May I know how to modify my Python programming so that can obtain the accuracy vs number of neighbours as refer to the attached image file -






# read in the iris data
from sklearn.datasets import load_iris
iris = load_iris()
# create X (features) and y (response)
X = iris.data
y = iris.target

from sklearn.neighbors import KNeighborsClassifier
k1 = (1, 2, 3, 4, 5, 6, 7, 8, 9)
k2 = (10, 15, 20, 25, 30, 35, 40)
knn = KNeighborsClassifier(n_neighbors=10)
knn.fit(X, y)
y_pred = knn.predict(X)

from sklearn import metrics
metrics.accuracy_score(y,y_pred)
knn = KNeighborsClassifier(n_neighbors=1)
from sklearn.cross_validation import train_test_split
X_train, X_test, y_train, y_test = train_test_split(X, y, test_size=0.4, random_state=0)

# import Matplotlib (scientific plotting library)
import matplotlib.pyplot as plt
import numpy as np
# try K=1 through K=9 and record testing accuracy
k1_range = range(1, 9)
k2_range = range(10, 40)
# create Python dictionary using [] 
scores = []

for k1 in k1_range:
         knn = KNeighborsClassifier(n_neighbors=k1, metric='minkowski', p=2)
         knn.fit(X_train, y_train)
         y_pred = knn.predict(X_test)
         scores.append(metrics.accuracy_score(y_test, y_pred))
         
for k2 in k2_range:
         knn = KNeighborsClassifier(n_neighbors=k2, metric='minkowski', p=2)
         knn.fit(X_train, y_train)
         y_pred = knn.predict(X_test)
         scores.append(metrics.accuracy_score(y_test, y_pred))         
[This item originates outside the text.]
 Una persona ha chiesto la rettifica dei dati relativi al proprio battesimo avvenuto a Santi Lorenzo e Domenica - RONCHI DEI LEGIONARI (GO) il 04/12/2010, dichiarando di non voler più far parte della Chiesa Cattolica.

# plot the relationship between K and testing accuracy
# plt.plot(x_axis, y_axis)
plt.plot(k1_range, scores)
plt.yticks(np.arange(0.93, 0.98, 0.03))
plt.plot(k2_range, scores)
plt.yticks(np.arange(0.91, 0.98, 0.03))
plt.xlabel('Number of neighbors')
plt.ylabel('Accuracy')



The error message is -





runfile('C:/Users/HSIPL/Desktop/Homework 8 Solution draft.py', wdir='C:/Users/HSIPL/Desktop')
Traceback (most recent call last):

  File "<ipython-input-31-1ba40d3637a3>", line 1, in <module>
    runfile('C:/Users/HSIPL/Desktop/Homework 8 Solution draft.py', wdir='C:/Users/HSIPL/Desktop')

  File "C:\Users\HSIPL\Anaconda3\lib\site-packages\spyder_kernels\customize\spydercustomize.py", line 668, in runfile
    execfile(filename, namespace)

  File "C:\Users\HSIPL\Anaconda3\lib\site-packages\spyder_kernels\customize\spydercustomize.py", line 108, in execfile
    exec(compile(f.read(), filename, 'exec'), namespace)
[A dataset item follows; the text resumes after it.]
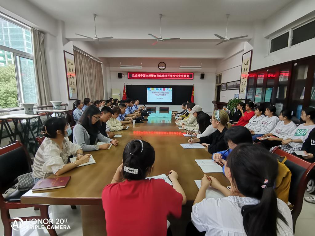 为提高师生反诈防骗能力,切实维护校园安全和师生财产安全,9月17日下午4:00,西安市长安区常宁派出所几位民警来到幼儿教育学院开展“反诈宣传教育”活动。党总支副书记苏群、各年级辅导员及70余名学生代表参与了此次宣传教育活动。

  File "C:/Users/HSIPL/Desktop/Homework 8 Solution draft.py", line 45, in <module>
    plt.plot(k1_range, scores)

  File "C:\Users\HSIPL\Anaconda3\lib\site-packages\matplotlib\pyplot.py", line 3363, in plot
    ret = ax.plot(*args, **kwargs)

  File "C:\Users\HSIPL\Anaconda3\lib\site-packages\matplotlib\__init__.py", line 1867, in inner
    return func(ax, *args, **kwargs)

  File "C:\Users\HSIPL\Anaconda3\lib\site-packages\matplotlib\axes\_axes.py", line 1528, in plot
    for line in self._get_lines(*args, **kwargs):

  File "C:\Users\HSIPL\Anaconda3\lib\site-packages\matplotlib\axes\_base.py", line 406, in _grab_next_args
    for seg in self._plot_args(this, kwargs):

  File "C:\Users\HSIPL\Anaconda3\lib\site-packages\matplotlib\axes\_base.py", line 383, in _plot_args
    x, y = self._xy_from_xy(x, y)

  File "C:\Users\HSIPL\Anaconda3\lib\site-packages\matplotlib\axes\_base.py", line 242, in _xy_from_xy
    "have shapes {} and {}".format(x.shape, y.shape))

ValueError: x and y must have same first dimension, but have shapes (8,) and (38,)




Please refer the attached image file -





[Image: o8oNB.jpg]




Please help me on this case




You definitely need to use different score accumulation arrays: score1 and score2. Now, you are appending all results to the same array named score, it grows and becomes incompatible by size with k1_range and k2_range arrays

May I know how to write the correct and complete code for that part


You need to restructure your code significantly. All import statements should be moved to the beginning of the file/document; each part of your code should solve one particular problem and be clear for understanding.


You still need to tweak the code, add a title to each figure, make some refactoring,
e.g. "minkowski" with p=2 is euclidean distance (that is default).